WHAT IS BEING ASKED — Below are the records; copy each line in which "Virtor" occurs.

LISTED ENTRIES —
══════════

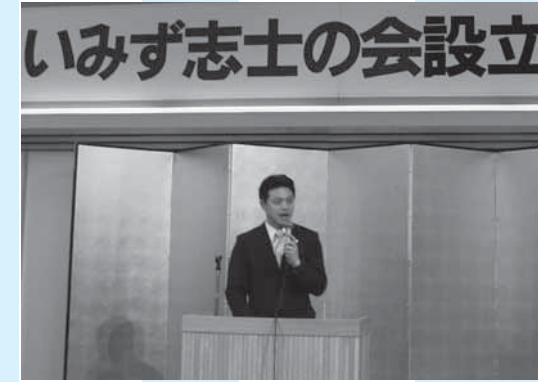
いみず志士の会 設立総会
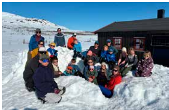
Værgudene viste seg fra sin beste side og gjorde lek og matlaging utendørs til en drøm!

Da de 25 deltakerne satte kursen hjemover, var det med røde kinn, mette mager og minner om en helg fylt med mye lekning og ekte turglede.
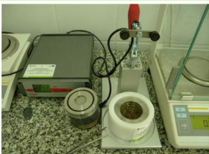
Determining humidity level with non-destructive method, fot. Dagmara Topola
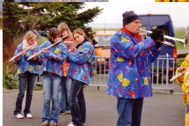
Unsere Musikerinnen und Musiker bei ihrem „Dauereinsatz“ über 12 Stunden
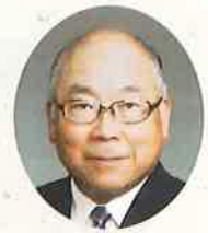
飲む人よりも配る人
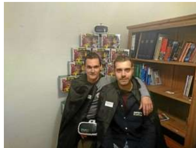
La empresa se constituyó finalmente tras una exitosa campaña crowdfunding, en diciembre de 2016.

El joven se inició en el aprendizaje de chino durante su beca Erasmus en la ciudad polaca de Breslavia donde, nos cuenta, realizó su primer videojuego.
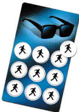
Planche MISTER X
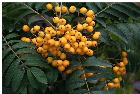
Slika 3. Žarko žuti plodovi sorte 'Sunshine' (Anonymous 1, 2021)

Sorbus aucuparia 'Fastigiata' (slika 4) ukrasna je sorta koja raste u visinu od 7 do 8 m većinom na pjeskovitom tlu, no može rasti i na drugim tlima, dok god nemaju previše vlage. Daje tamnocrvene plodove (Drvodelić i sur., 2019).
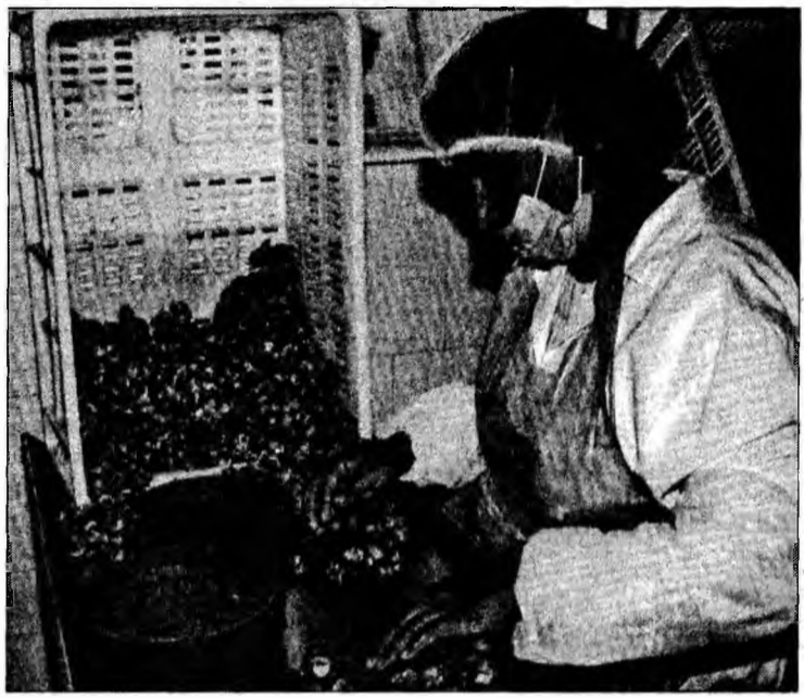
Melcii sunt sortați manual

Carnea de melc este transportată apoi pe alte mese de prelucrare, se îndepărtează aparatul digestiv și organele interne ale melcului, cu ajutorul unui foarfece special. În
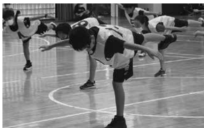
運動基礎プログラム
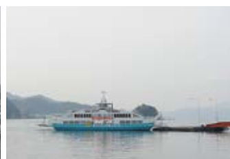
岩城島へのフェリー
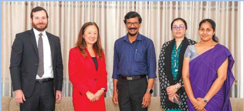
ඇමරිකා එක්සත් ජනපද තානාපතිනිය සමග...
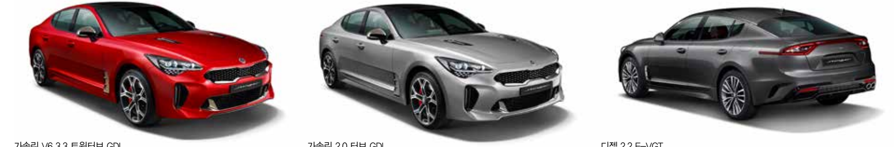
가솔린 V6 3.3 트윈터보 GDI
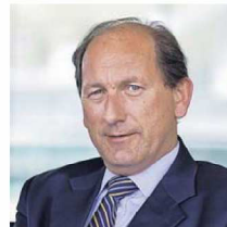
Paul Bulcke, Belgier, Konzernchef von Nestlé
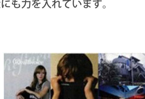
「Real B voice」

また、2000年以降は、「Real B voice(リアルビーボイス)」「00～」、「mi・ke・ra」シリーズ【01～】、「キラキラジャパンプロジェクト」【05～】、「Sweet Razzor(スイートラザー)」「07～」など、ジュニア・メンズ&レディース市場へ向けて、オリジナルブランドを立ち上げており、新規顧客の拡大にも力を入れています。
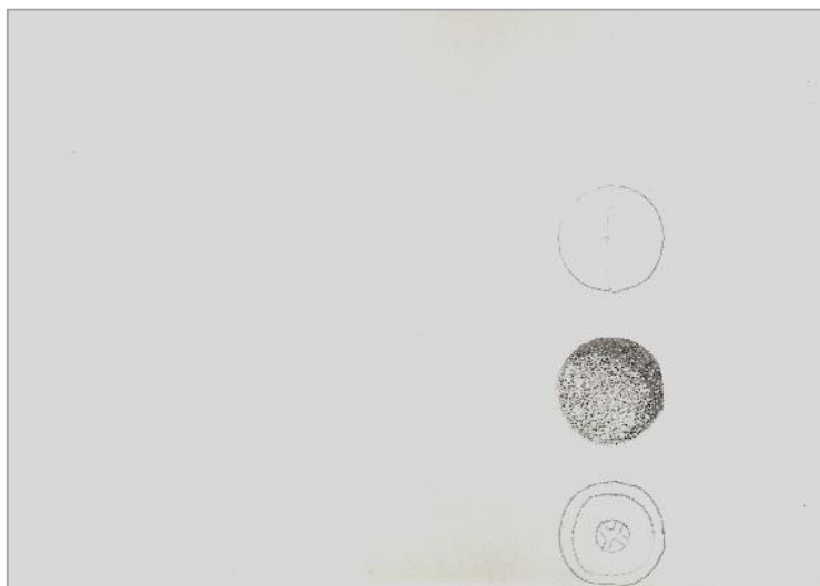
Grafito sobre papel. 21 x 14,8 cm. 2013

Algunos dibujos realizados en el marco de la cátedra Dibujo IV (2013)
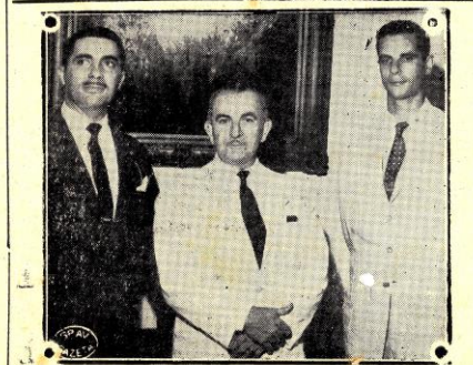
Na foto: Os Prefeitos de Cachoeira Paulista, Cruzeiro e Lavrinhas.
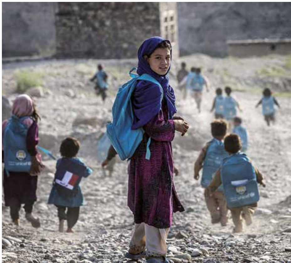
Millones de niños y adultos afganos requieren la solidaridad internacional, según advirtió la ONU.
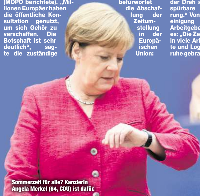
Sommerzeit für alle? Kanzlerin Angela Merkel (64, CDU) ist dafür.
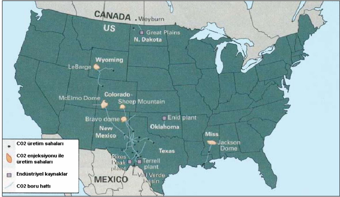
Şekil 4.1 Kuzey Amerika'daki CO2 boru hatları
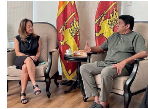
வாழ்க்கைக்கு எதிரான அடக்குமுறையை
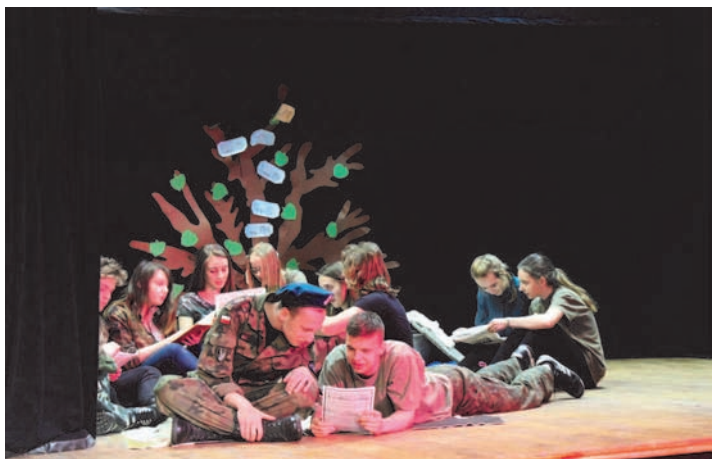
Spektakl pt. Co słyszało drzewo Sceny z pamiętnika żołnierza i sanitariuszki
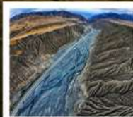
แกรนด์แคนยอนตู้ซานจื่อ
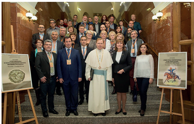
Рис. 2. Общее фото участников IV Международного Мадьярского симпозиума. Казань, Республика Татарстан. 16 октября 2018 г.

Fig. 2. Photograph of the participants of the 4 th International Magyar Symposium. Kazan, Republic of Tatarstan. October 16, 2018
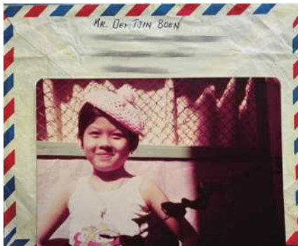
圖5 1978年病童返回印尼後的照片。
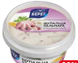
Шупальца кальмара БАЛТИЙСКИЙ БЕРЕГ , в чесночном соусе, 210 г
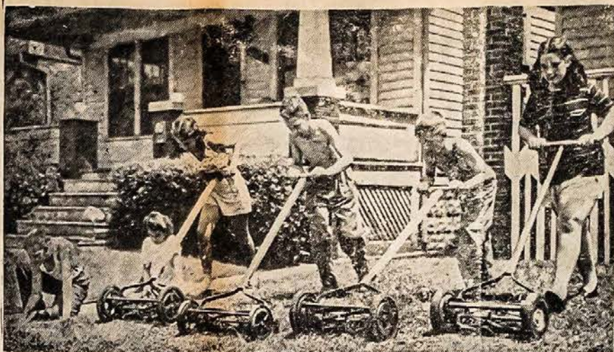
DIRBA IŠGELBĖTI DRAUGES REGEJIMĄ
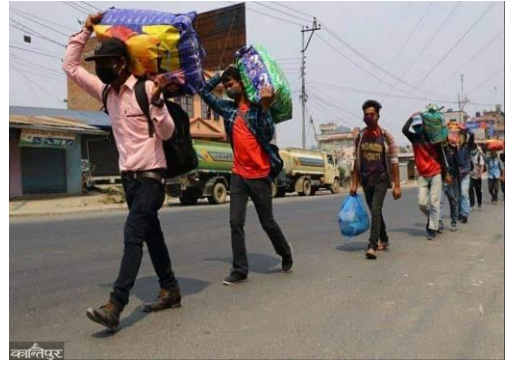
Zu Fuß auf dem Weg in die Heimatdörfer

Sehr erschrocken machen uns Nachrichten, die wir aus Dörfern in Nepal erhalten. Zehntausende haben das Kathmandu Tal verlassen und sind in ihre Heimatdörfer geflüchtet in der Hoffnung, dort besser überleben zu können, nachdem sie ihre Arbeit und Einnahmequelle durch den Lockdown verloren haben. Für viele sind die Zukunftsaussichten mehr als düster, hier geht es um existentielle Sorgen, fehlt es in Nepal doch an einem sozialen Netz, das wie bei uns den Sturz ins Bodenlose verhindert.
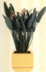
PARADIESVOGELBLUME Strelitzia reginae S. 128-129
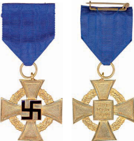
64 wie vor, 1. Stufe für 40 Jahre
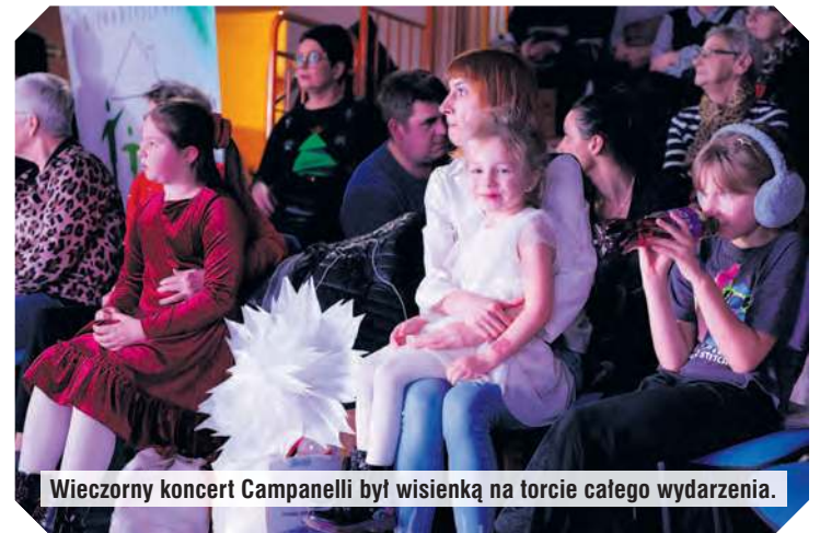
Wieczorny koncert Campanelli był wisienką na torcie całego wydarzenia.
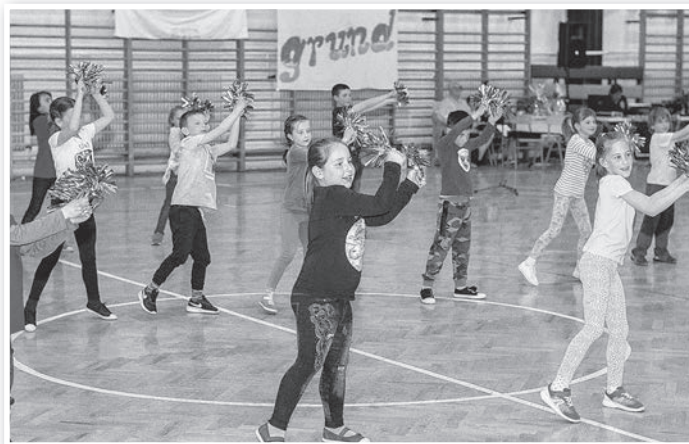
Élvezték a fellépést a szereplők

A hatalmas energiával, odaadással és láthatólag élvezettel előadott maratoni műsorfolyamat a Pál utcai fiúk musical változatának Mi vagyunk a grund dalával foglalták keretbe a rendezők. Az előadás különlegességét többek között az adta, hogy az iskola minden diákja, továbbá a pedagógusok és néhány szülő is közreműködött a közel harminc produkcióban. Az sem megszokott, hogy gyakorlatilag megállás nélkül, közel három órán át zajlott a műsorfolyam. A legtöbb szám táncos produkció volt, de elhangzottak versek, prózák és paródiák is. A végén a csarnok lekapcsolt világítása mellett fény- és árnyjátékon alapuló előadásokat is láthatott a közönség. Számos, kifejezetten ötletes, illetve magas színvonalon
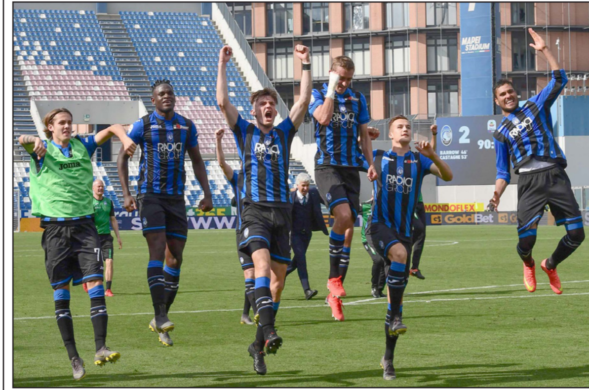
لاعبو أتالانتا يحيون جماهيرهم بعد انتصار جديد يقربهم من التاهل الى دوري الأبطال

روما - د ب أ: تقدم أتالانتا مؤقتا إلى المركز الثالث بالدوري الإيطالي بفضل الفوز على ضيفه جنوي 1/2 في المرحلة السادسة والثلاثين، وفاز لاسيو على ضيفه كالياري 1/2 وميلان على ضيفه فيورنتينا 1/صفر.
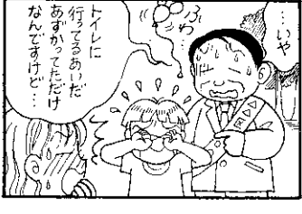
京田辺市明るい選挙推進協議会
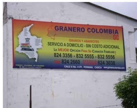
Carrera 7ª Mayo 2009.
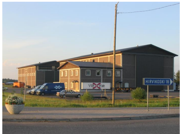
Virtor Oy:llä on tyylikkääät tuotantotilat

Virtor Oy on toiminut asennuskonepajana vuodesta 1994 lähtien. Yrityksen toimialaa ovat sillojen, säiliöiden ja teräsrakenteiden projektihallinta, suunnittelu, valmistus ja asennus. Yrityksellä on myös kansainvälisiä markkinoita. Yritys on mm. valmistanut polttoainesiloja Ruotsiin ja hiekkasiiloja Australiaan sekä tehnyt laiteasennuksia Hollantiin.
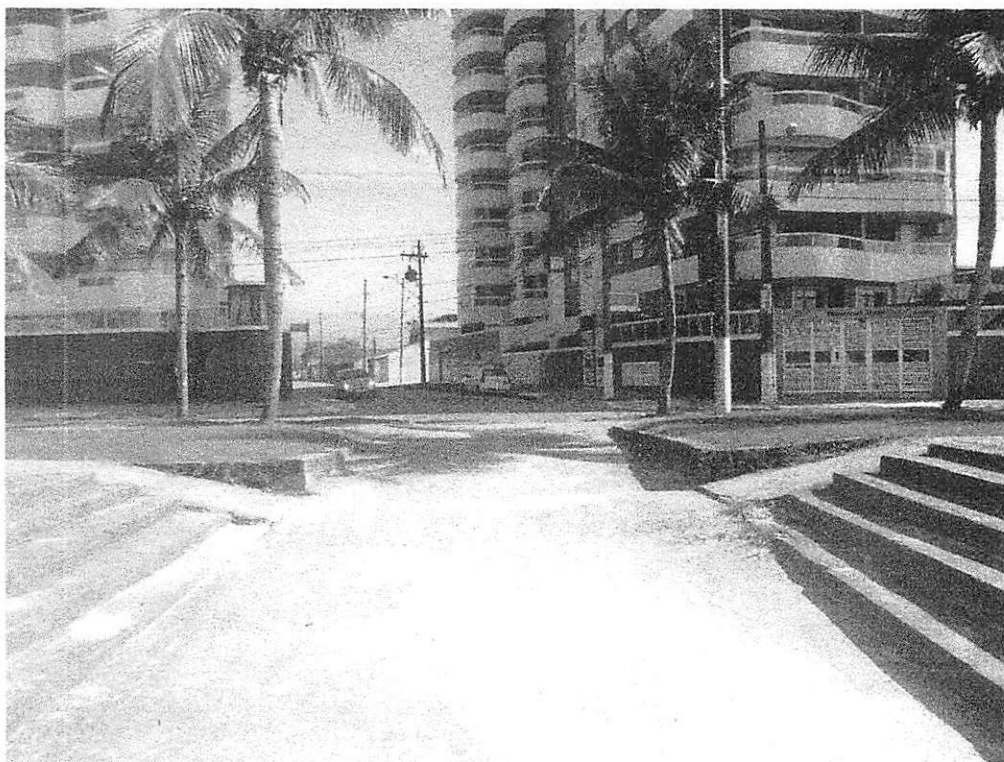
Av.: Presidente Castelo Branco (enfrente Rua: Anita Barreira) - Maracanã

══════════

SOLUTION BELOW —
Virtor Oy:llä on tyylikkääät tuotantotilat
Virtor Oy on toiminut asennuskonepajana vuodesta 1994 lähtien. Yrityksen toimialaa ovat sillojen, säiliöiden ja teräsrakenteiden projektihallinta, suunnittelu, valmistus ja asennus. Yrityksellä on myös kansainvälisiä markkinoita. Yritys on mm. valmistanut polttoainesiloja Ruotsiin ja hiekkasiiloja Australiaan sekä tehnyt laiteasennuksia Hollantiin.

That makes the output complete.